A research report on an 18 month longitudinal study that tracked adolescent girls in the transition between Primary and Secondary School, identifying psychological and physical factors that influenced participation in physical activity.

Niven, A. G.; Fawkner, S. G.; Knowles, A. M.; Henretty, J. M. Teenactive Research Group, Heriot Watt University. (2009).  A research report on the changes in Scottish adolescent girls participation in physical activity in the transition from Primary to Secondary School.

Aim:  The study aimed to track adolescent females over the transition between Primary and Secondary School in order to identify the psychological and physical factors that influenced participation in physical activity.  Factors influencing physical activity levels such as maturation/physical change, perceptions of competence and other factors (demographics, sedentary behaviours) are reviewed in the introduction. 

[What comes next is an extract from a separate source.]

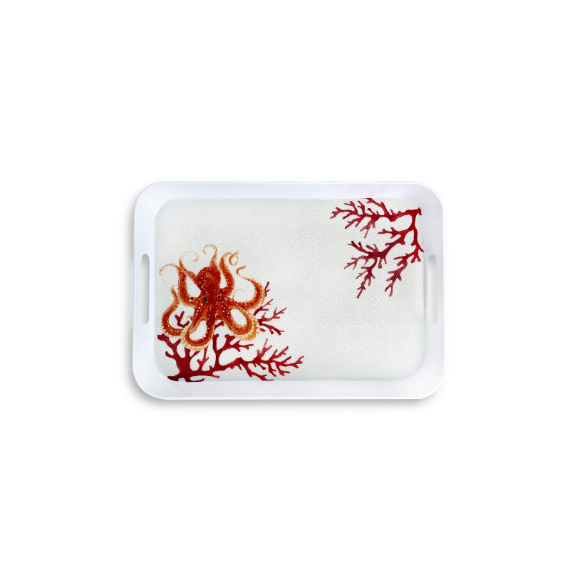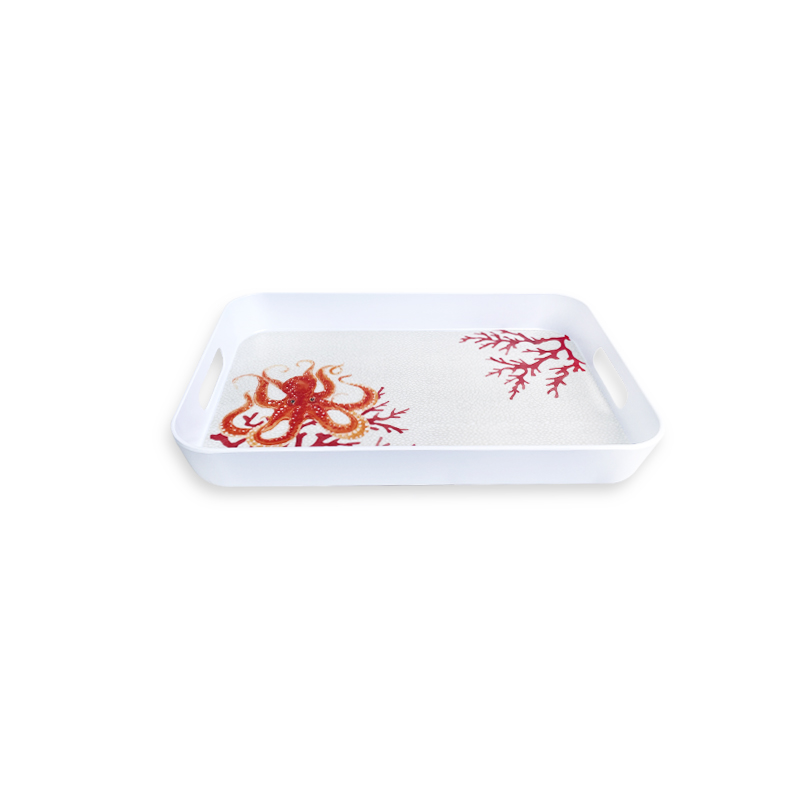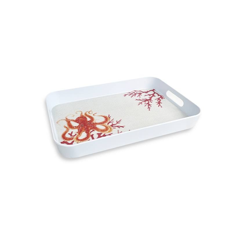 Whether you’re stocking up on Wholesale Melamine Tray for your business or adding a stylish Rectangle Serving Tray to your home, this octopus-coral print piece blends safety, style, and practicality perfectly.

Method:  200 girls were tracked over a period of 18 months, at 4 time periods, physical measurements and questionnaires were administered at all time points.  Girls were, on average, 12 years old when the study began.  Questionnaires addressed issues such as demographics, maturation status and attitudes towards participation.  Physical measurements were also taken (such as height and body fat). 

Results:  It was established that the girls participated in less physical activity within school over the period of the study, however there was no difference in the amount of walking or cycling to or from school that the participants engaged in. Participants rated themselves as being more physically active within Physical Education classes in Secondary rather than Primary School.  Participants ratings of competency in their physical environment was positively related with how active they were, this relationship became stronger over the four time points.  If meeting social needs was the only motivating factor for participation this factor did not positively correlate with uptake in physical activity, this may be due to social needs not necessarily being met by engaging in physical activity.

Implications:  It is suggested that in order to have real impact on adolescent girls participation perceived competence must be increased, by increasing this groups self esteem and confidence interventions may have greater success, or reduce the fall in participation in physical activity in the transition between Primary and Secondary School.  Opportunities for physical activity in situations were adolescent girls competencies are maximised should also be increased.